Write the entries out again exactly; any picture among them gets left out.

(Items from a dataset)
== Segment start ==

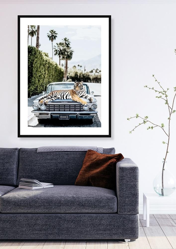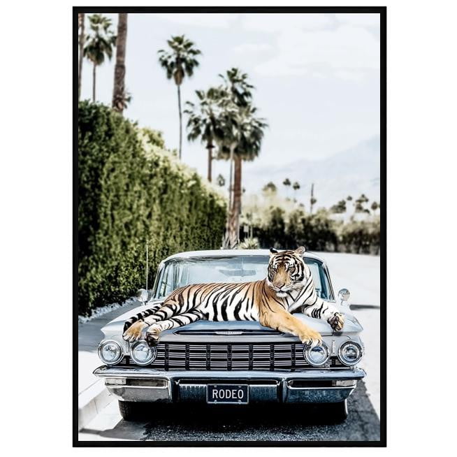 The Rodeo Tiger Artwork - an emblem of eternal glamour, poised atop a classic 1950's car. This stunning masterpiece is the epitome of luxury, the ultimate statement piece every wall desires. A beautifully custom made artwork, it exudes an undeniable sense of style that is simply unmatched. For those who demand nothing but the best in their home interiors, the Rodeo Tiger Artwork is the perfect choice.
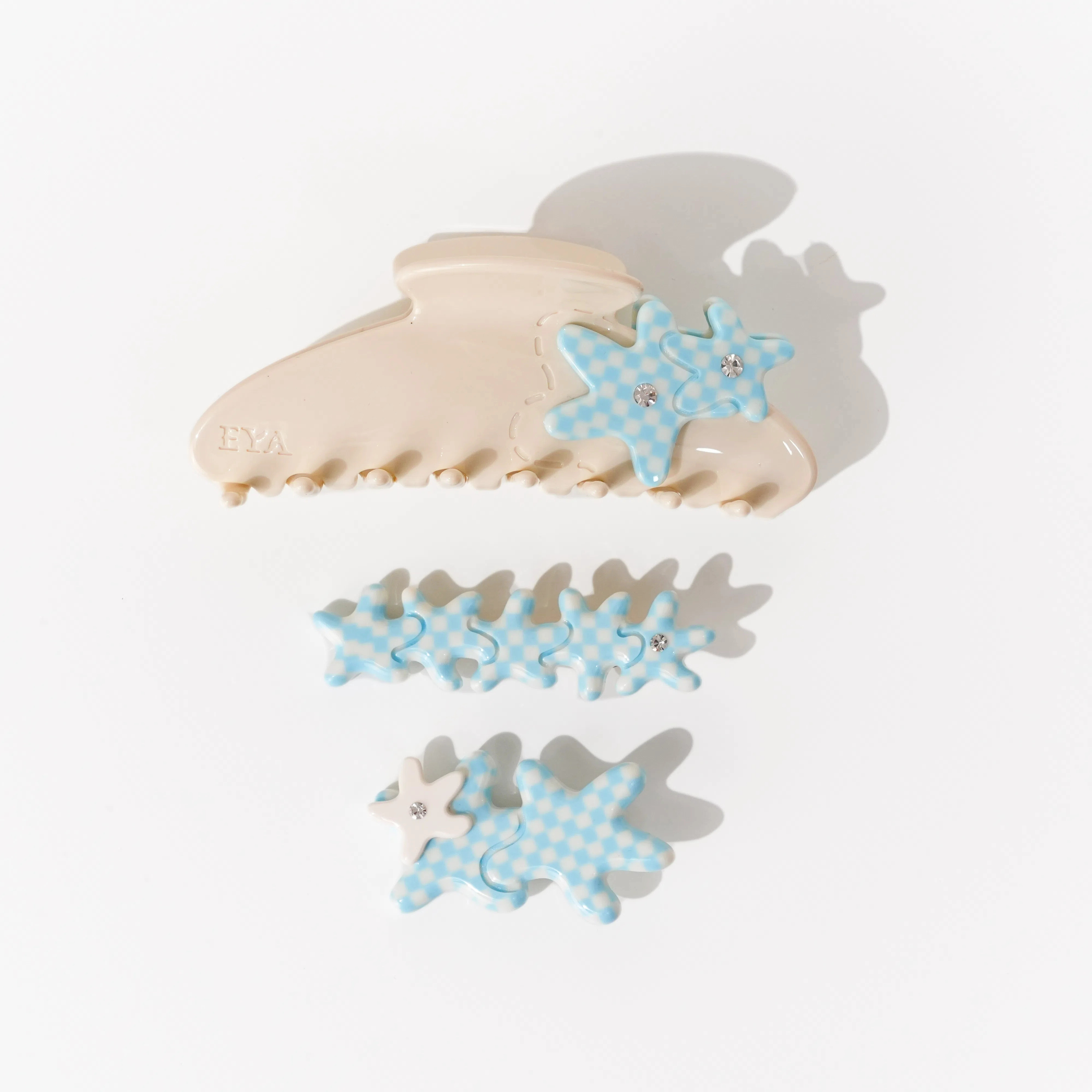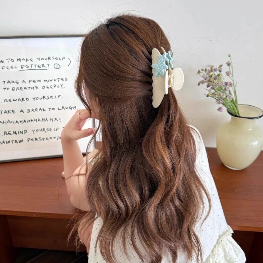 📚 EYA(饰品)【张淼怡同款】小星芒镶钻海星醋酸可爱发夹边夹抓夹
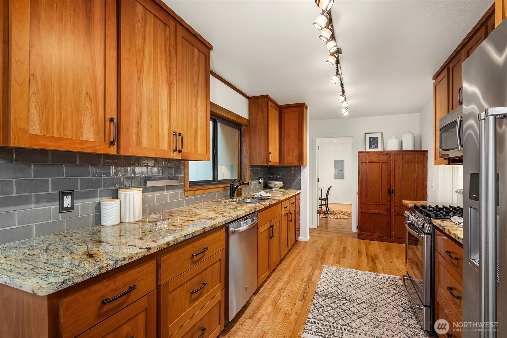 This is it! Ideal floorplan with generously sized rooms, unbeatable location that’s only getting better, loads of natural light, and significant structural and system upgrades. Host a dance party in the huge living room, or have a snuggly evening gathered around the fireplace. Get creative in a kitchen worthy of your favorite cooking show. Have everyone over for a Bunco tournament in the GIANT main floor rec room (big enough for a regulation sized pool table). With three bedrooms, including a tucked away primary suite, all on the main, plus a private deck off of the dining room, this large home lives even larger and we haven’t even gotten to the lower level. Downstairs is currently set up as a short-term rental, with its own separate entrance, laundry, kitchen, living room,bedroom and bathroom, BUT it is easily incorporated into the main living space. The front gardens feature native plantings and attract many birds, while the back deck and patio create areas for relaxation, stargazing, and entertaining. The home has radiant in-floor heating and a tankless water heater. Unbelievable location, close to Northgate Light Rail Station, the library, post office, shopping, restaurants, Kraken Community Iceplex, and, soon, Northgate Town Square, a vibrant community hub.
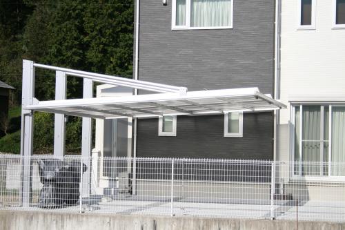 ゆったりとした余裕のある敷地に柱を奥側に寄せた2台用のカーポート。雑草の心配もなく空間の利用はフリー。
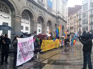 Los participantes se reunieron frente al Teatro Campoamor con pancartas con lemas como 'El machismo también nos mata', 'Stop homofobia, transfobia y bifobia' y 'Unidad, solidaridad y autodefensa'.
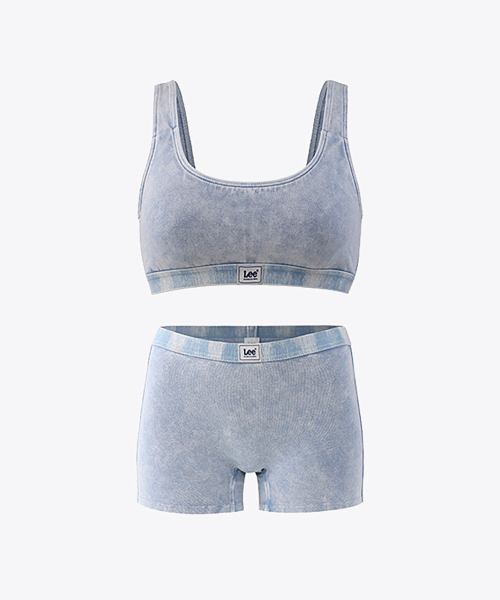 시그니처 피그먼트 브라탑 보이쇼츠 세트_데님블루
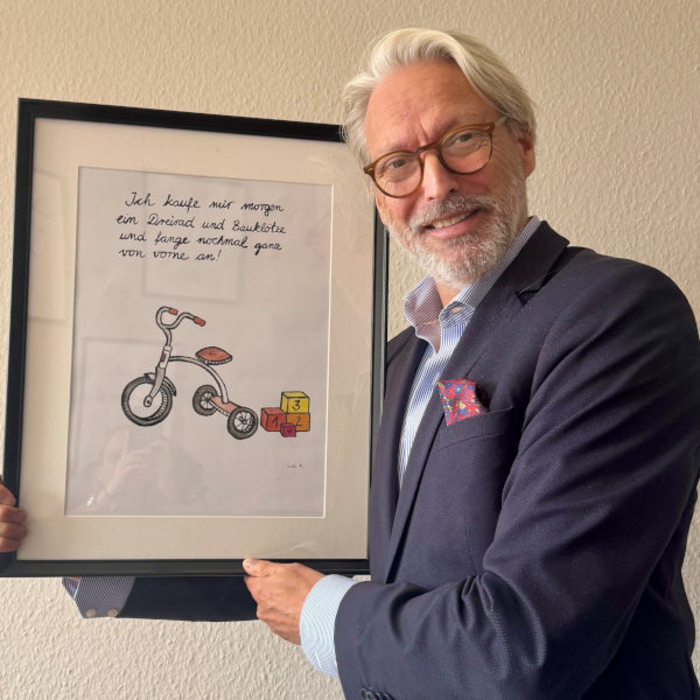 Cito Aufenacker in seinem Büro mit dem Bild, von dem er sagt, dass es ihn jeden Tag daran erinnere, täglich neu zu denken und vor allem: nicht alles allzu ernst zu nehmen
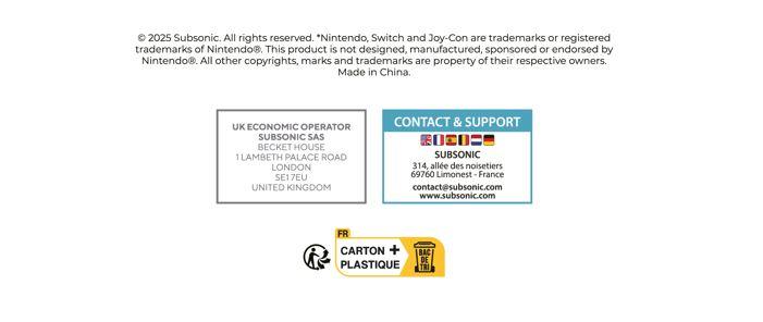 | Plus produit | Prenez le contrôle de la course avec le volant Subsonic Pro Kart Racer pour joycon compatible Switch 2 / Switch. Avec son design exclusif sport conçu pour les jeux de course comme Mario kart 8, Mario Kart World? vous éviterez aisément Bloups, Carapaces, Bananes? parsemés sur votre trajectoire pour foncer sur les Bill Balles et gagner la course haut la main !Le volant Pro Kart Racer est super pratique |
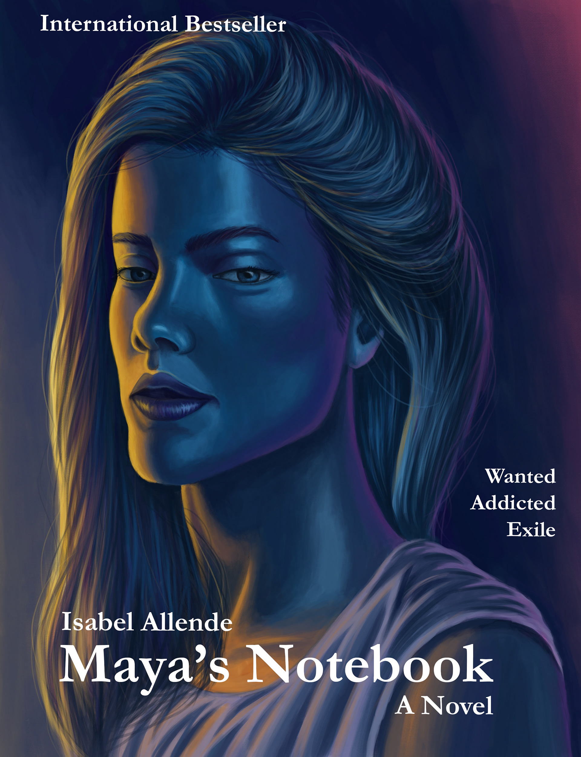 I made this book cover inspired by Isabel Allende's Maya's Notebook.

== Segment end ==

▸ **Answer to the exercise**:
 The Rodeo Tiger Artwork - an emblem of eternal glamour, poised atop a classic 1950's car. This stunning masterpiece is the epitome of luxury, the ultimate statement piece every wall desires. A beautifully custom made artwork, it exudes an undeniable sense of style that is simply unmatched. For those who demand nothing but the best in their home interiors, the Rodeo Tiger Artwork is the perfect choice.
 📚 EYA(饰品)【张淼怡同款】小星芒镶钻海星醋酸可爱发夹边夹抓夹
 This is it! Ideal floorplan with generously sized rooms, unbeatable location that’s only getting better, loads of natural light, and significant structural and system upgrades. Host a dance party in the huge living room, or have a snuggly evening gathered around the fireplace. Get creative in a kitchen worthy of your favorite cooking show. Have everyone over for a Bunco tournament in the GIANT main floor rec room (big enough for a regulation sized pool table). With three bedrooms, including a tucked away primary suite, all on the main, plus a private deck off of the dining room, this large home lives even larger and we haven’t even gotten to the lower level. Downstairs is currently set up as a short-term rental, with its own separate entrance, laundry, kitchen, living room,bedroom and bathroom, BUT it is easily incorporated into the main living space. The front gardens feature native plantings and attract many birds, while the back deck and patio create areas for relaxation, stargazing, and entertaining. The home has radiant in-floor heating and a tankless water heater. Unbelievable location, close to Northgate Light Rail Station, the library, post office, shopping, restaurants, Kraken Community Iceplex, and, soon, Northgate Town Square, a vibrant community hub.
 ゆったりとした余裕のある敷地に柱を奥側に寄せた2台用のカーポート。雑草の心配もなく空間の利用はフリー。
 Los participantes se reunieron frente al Teatro Campoamor con pancartas con lemas como 'El machismo también nos mata', 'Stop homofobia, transfobia y bifobia' y 'Unidad, solidaridad y autodefensa'.
 시그니처 피그먼트 브라탑 보이쇼츠 세트_데님블루
 Cito Aufenacker in seinem Büro mit dem Bild, von dem er sagt, dass es ihn jeden Tag daran erinnere, täglich neu zu denken und vor allem: nicht alles allzu ernst zu nehmen
 | Plus produit | Prenez le contrôle de la course avec le volant Subsonic Pro Kart Racer pour joycon compatible Switch 2 / Switch. Avec son design exclusif sport conçu pour les jeux de course comme Mario kart 8, Mario Kart World? vous éviterez aisément Bloups, Carapaces, Bananes? parsemés sur votre trajectoire pour foncer sur les Bill Balles et gagner la course haut la main !Le volant Pro Kart Racer est super pratique |
 I made this book cover inspired by Isabel Allende's Maya's Notebook.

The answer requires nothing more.